Lo storico kazako Burkitbay Ayagan sul Centro della civiltà islamica dell’Uzbekistan e le sfide più urgenti della regione
Burkitbay Ayagan. Foto: «Fergana»

Al Centro della Civiltà Islamica di Tashkent si è svolto il congresso internazionale «Asia Centrale e Azerbaigian: patrimonio spirituale ed educativo condiviso — futuro comune». Centinaia di studiosi provenienti da Azerbaigian, Kazakistan, Kirghizistan, Tagikistan, Turkmenistan e Uzbekistan hanno discusso importanti temi umanitari legati alla storia, alla cultura, all’arte e, naturalmente, alla religione. Il congresso si è tenuto sullo sfondo della visita a Tashkent dei presidenti delle repubbliche dell’Asia Centrale, un dettaglio che ha parzialmente politicizzato il forum, al quale hanno preso parte anche i capi di Stato. Nel primo giorno del congresso, «Fergana» ha parlato con uno dei suoi partecipanti, il membro corrispondente dell’Accademia Nazionale delle Scienze del Kazakistan, vicedirettore dell’Istituto di Storia dello Stato presso il Comitato per la Scienza del Ministero della Scienza e dell’Istruzione Superiore della Repubblica, professore Burkitbay Ayagan.

— Quali sono le impressioni sul Centro della Civiltà Islamica?

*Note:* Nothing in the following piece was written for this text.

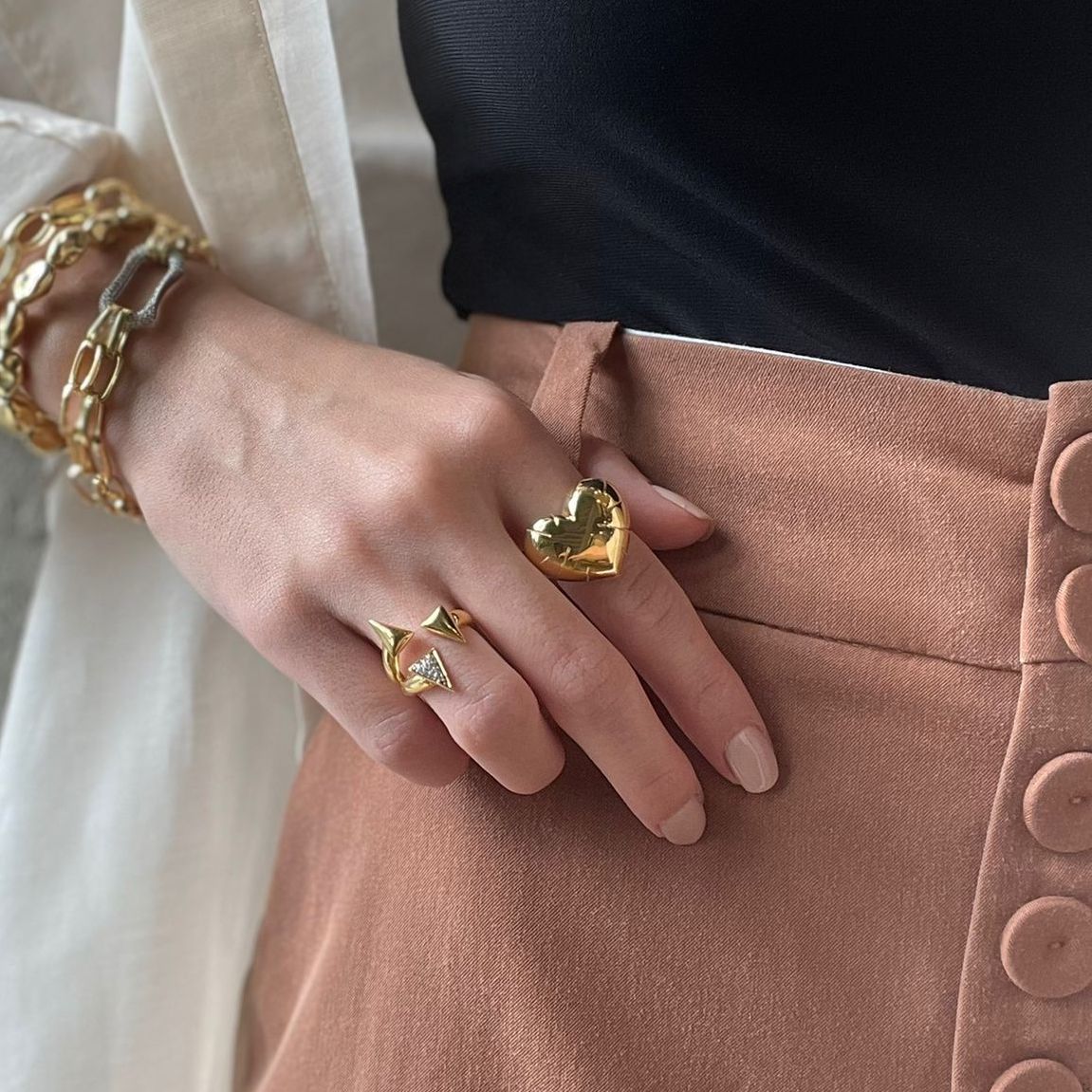 Sterling Silver Chunky Love Heart Signet Ring - Gold

— Semplicemente magnifico, un lavoro straordinario. Il Centro ha indubbiamente abbellito Tashkent. Centri come questo dovrebbero essere creati ovunque. È chiaro che, ad esempio, il Kirghizistan non può permettersi progetti di queste dimensioni, ma il Kazakistan sì. Forse anche da noi si inizierà a pensare alla creazione di progetti globali simili. La collezione museale è stata scelta perfettamente. Il Corano di Osman è in perfetta armonia nella sala dedicata ai Corani.

— Dal punto di vista storico, come vede la comunanza tra gli Stati dell’Asia Centrale e l’Azerbaigian?

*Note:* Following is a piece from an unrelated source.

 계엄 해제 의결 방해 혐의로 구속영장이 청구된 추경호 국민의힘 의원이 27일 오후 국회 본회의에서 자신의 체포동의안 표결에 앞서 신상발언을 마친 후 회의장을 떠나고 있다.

— Quando sono venuto qui, da storico e autore di libri di testo sia sull’epoca moderna che sul Medioevo, mi sono reso conto che forse è la prima volta nella storia che i leader di questi Stati si riuniscono proprio come paesi sovrani per discutere un’ampia varietà di questioni. Nel periodo pre-rivoluzionario, «russo», non se ne poteva neanche parlare. Ai tempi sovietici incontri di questo tipo non c’erano: tutto passava da Mosca, che controllava l’intero processo.
E anche negli anni di indipendenza — dal 1991 sono passati già 34 anni — non ci sono mai stati incontri in un formato simile. Gli Stati erano impegnati con molti altri problemi: di confine, economici e così via. Ora è arrivato il momento in cui i leader e, più in generale, i popoli dedicano più attenzione all’aspetto spirituale.

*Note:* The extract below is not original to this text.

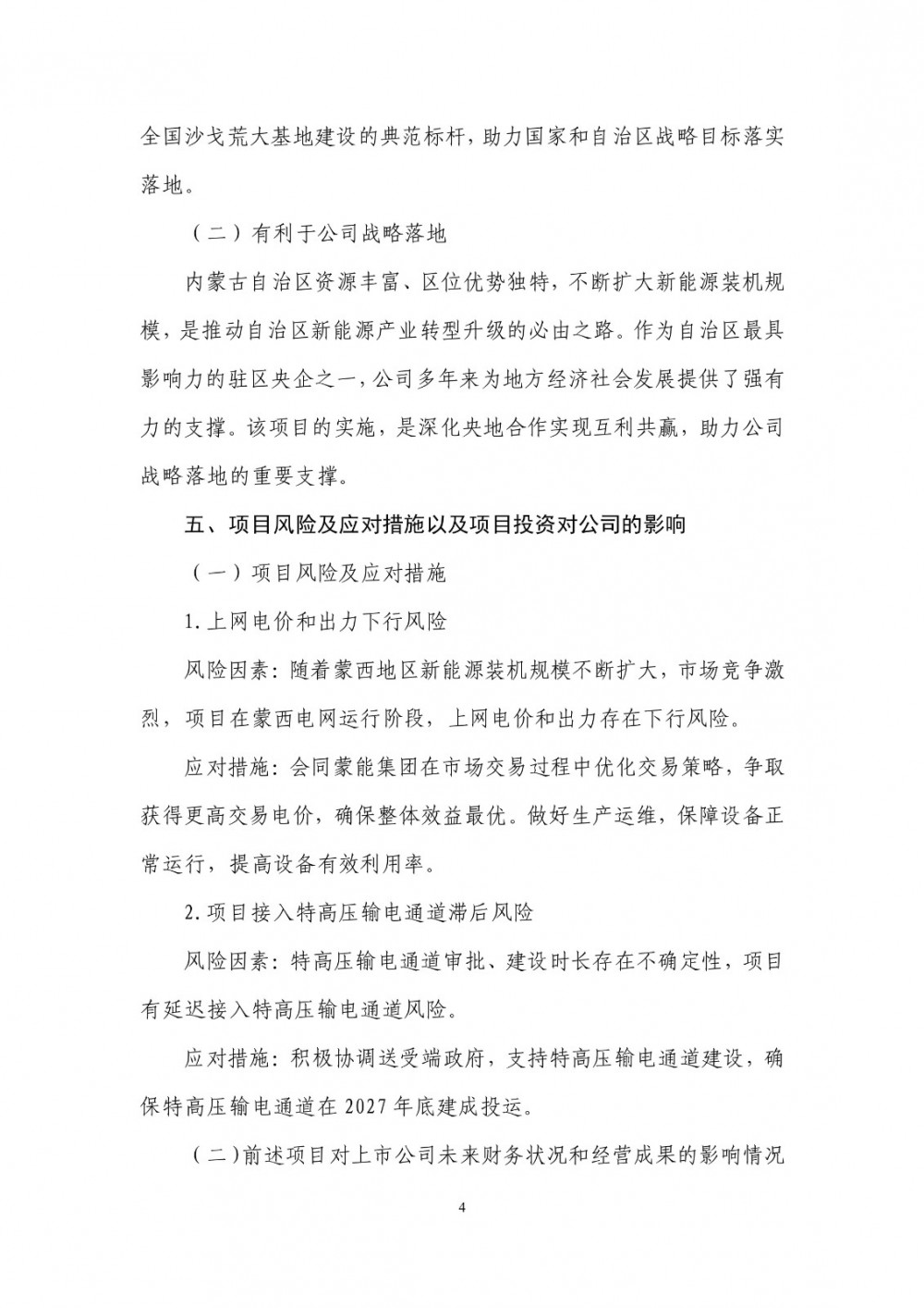 公告还表示,项目由蒙能集团控股,电投能源参股,积极发挥各自优势共同将基地打造成为全国沙戈荒大基地建设的典范标杆,助力国家和自治区战略目标落实落地。该项目的实施,是深化央地合作实现互利共赢,助力公司战略落地的重要支撑。

Perché proprio l’Asia Centrale?
— In primo luogo, i popoli di queste repubbliche sono legati da vincoli di sangue — sia popoli turchi che iranici, come i tagiki. L’inclusione dell’Azerbaigian non è casuale: gli azeri fanno parte dei popoli turchi. Come sappiamo, però, l’Azerbaigian geograficamente non appartiene all’Asia Centrale, bensì al Caucaso. Non è chiaro perché non ci sia la Turchia — che è anch’essa un paese turcofono.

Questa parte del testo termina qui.